La montata lattea è il graduale passaggio da colostro a latte maturo. Il suo colore è bianco e la mamma ne produrrà 500-600 ml (e oltre) al giorno. Arriva in genere fra il 2° e il 5°-6° giorno. Dipende poi dalle caratteristiche individuali, dalla frequenza e dal vigore con cui il neonato succhia. Più mamma e bambino stanno insieme, prima arriva la montata lattea.

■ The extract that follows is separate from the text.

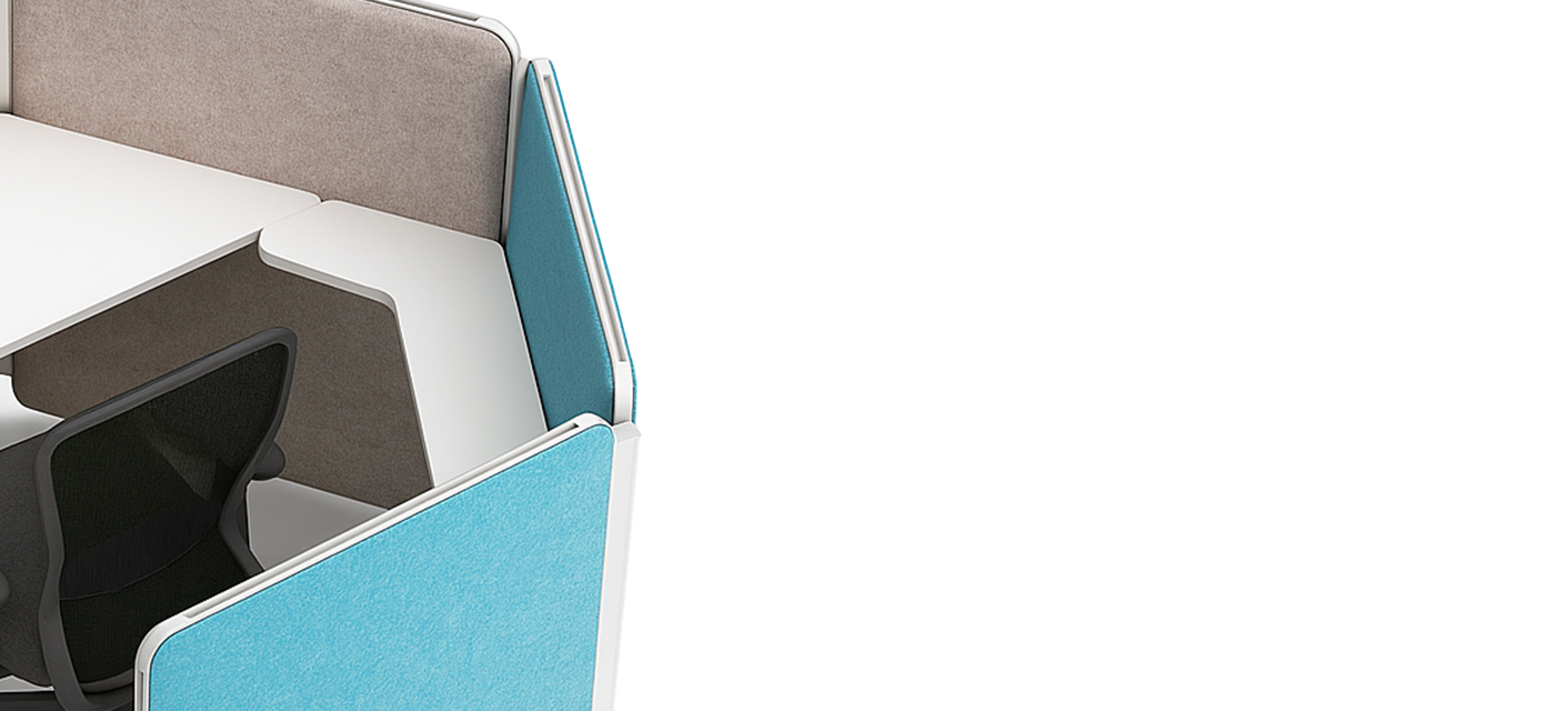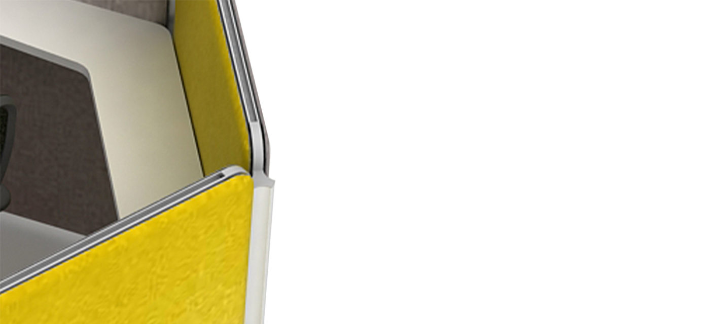Our Aluminum based panels are 55-60 MM thick and upholstered with an acoustic fleece, which is ideal for absorbing sound. Our panel edges are powder coated with 60 microns of thickness to ensure scratch resistance.

Per verificare se il bambino assume abbastanza latte si possono contare i pannolini sporchi  e controllare periodicamente la crescita. Da tenere presente che, dopo la nascita, i neonati registrano un calo fisiologico e poi riprendono a crescere intorno alla 3°-5° giornata, recuperando il peso della nascita entro i primi 10-14 giorni dal parto.

Con l’allattamento a richiesta, cioè ogni volta che il bambino “chiama”, c’è il rischio che la mamma non sappia più distinguere la fame dalla necessità di coccole e che si trovi a vivere le giornate col bambino costantemente attaccato al seno.

Vogliamo evitarlo, vero? Basta riconoscere i segnali con i quali il neonato sta dicendo che è affamato:

  1. Muove la testa
  2. Fa con la bocca movimenti di suzione
  3. Porta le mani alla bocca, succhiando i pugni
  4. Emette suoni di richiamo

Qesti sono ancora segnali pacifici ma se viene ignorato comincerà a piagnucolare e poi scoppierà in un pianto a dirotto: segnale tardivo di fame che significa ALLARME ROSSO! ALLARME ROSSO!
Il pianto e l’agitazione potrebbero rendere più difficoltoso l’attaccamento al seno.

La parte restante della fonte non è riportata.